Why India needs Right to Health as a fundamental right

By Arushi Sharma

A new Private Member Bill introduced in the Rajya Sabha seeks to make Right to Health a fundamental right in India. For this purpose, the scope of Article 21 will have to be expanded by implementing a constitutional amendment. The billproposed by YSR Congress MP Vijaysai Reddy, envisages that all the citizens should be able to avail a health protection system that provides prevention and treatment of diseases as well as access to essential medicines. According to MP Reddy, “Providing adequate medical facilities for the people is an obligation of the government in a welfare state.”

The need for right to health

According to the Draft National Health Policy, 2015, 63 million people are pushed to poverty every year as they are unable to cover their healthcare costs. The current public expenditure on health, however, stands at only 1.4 percent of the GDP. This year in March, the Centre cleared the National Health Policy 2017 in an effort to increase health spending, gradually and timely, to 2.5 percent of the GDP. The primary aim of the policy was to guarantee healthcare to all Indian citizens, particularly the underprivileged sections, by strengthening the public health system and leveraging strategic public-private partnerships in the health space.

Union Health Minister, J.P. Nadda, referred to the policy as a turn of the national health goals in a direction of ‘wellness’ from merely ‘sick care.’ However, as reported by The Hindu, concerns remained around the inadequacy of the GDP spend to cover the vast healthcare challenges faced by the country in the absence of a proper financial protection mechanism. Healthcare activists also argued that the policy put forth an empty promise as it steered clear of making right to health a fundamental right.

Importance of the bill

Private Member Bills have not had the most favourable history in getting a nod from both the Houses of Parliament. Only 14 such bills have been passed and become a law since Independence, the last one being in 1970. Right to Health is an internationally recognised fundamental human right. But the current national health apparatus in India is an out-of-pocket one. Millions of poor patients have access to a doctor only if they can pay the bill at the time of treatment or if they are sick enough to be admitted to a public hospital’s emergency ward. If Article 21B is introduced in the Indian Constitution, the failure to provide health care will have legal consequences. Moving forward, India should look to evolve its healthcare system beyond the current assurance-based approach.

Choosing the right model

India can choose from a number of different models, learning from the rest of the world. One such model is that of total governmental control, referred to as the Beveridge model. The government uses its revenue to finance universal coverage, just like the public library or the police force. Such a system benefits from low per-capita costs as it allows the government to regulate and negotiate prices of drugs and medical services. Cuba has possibly the purest application of this model, enabling the country to eliminate the need for an insurance bureaucracy. Other examples and versions of this kind of single-player model exist in the UK, Spain, and New Zealand. In a Beveridge-style healthcare, most of the hospitals and clinics are government-owned and even the private doctors collect their fee from the government.

Some countries also have an insurance-based healthcare system, wherein health insurance plans cover all the citizens and the insurers do not make a profit out of it. Known as the Bismarck model, this system is jointly funded by employers and employees via payroll deduction. Countries like Germany, France, Belgium, Switzerland, the Netherlands, and Japan, among others, have Bismarck-type health plans. The United States has a peculiar for-profit health insurance system.
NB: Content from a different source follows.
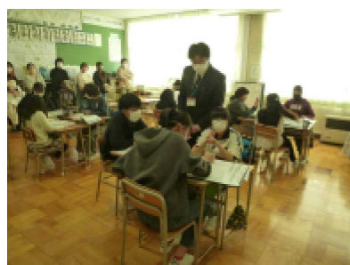
6年生 国語科「海のいのち」

PTA全体会 … PTA会長の〇〇さんより閉校記念事業実行委員会についてのお話がありました。また、校長からの話として、1/26付で配付している保護者アンケートの結果について、改めて、次のこととお話ししました。

Another option is to adopt a National Health Insurance (NHI) model, which has been adopted in Canada, Taiwan, and South Korea. The NHI combines the first two models, using private-sector providers but financing through a government-run insurance program. Every citizen pays into the corpus and there is no profit or financial motive. The NHI finds an exemplary representative in the Canadian government, who has negotiated low-price medicines for its citizens from pharmaceutical companies. Cost control is exercised by limiting the government-covered medical services or by putting patients up on a wait-listed treatment roster. Therefore, considering that the existing system in India does not guarantee every citizen’s well-being in the real sense, evaluating the practicality of different healthcare models in the Indian context would be a good place to start.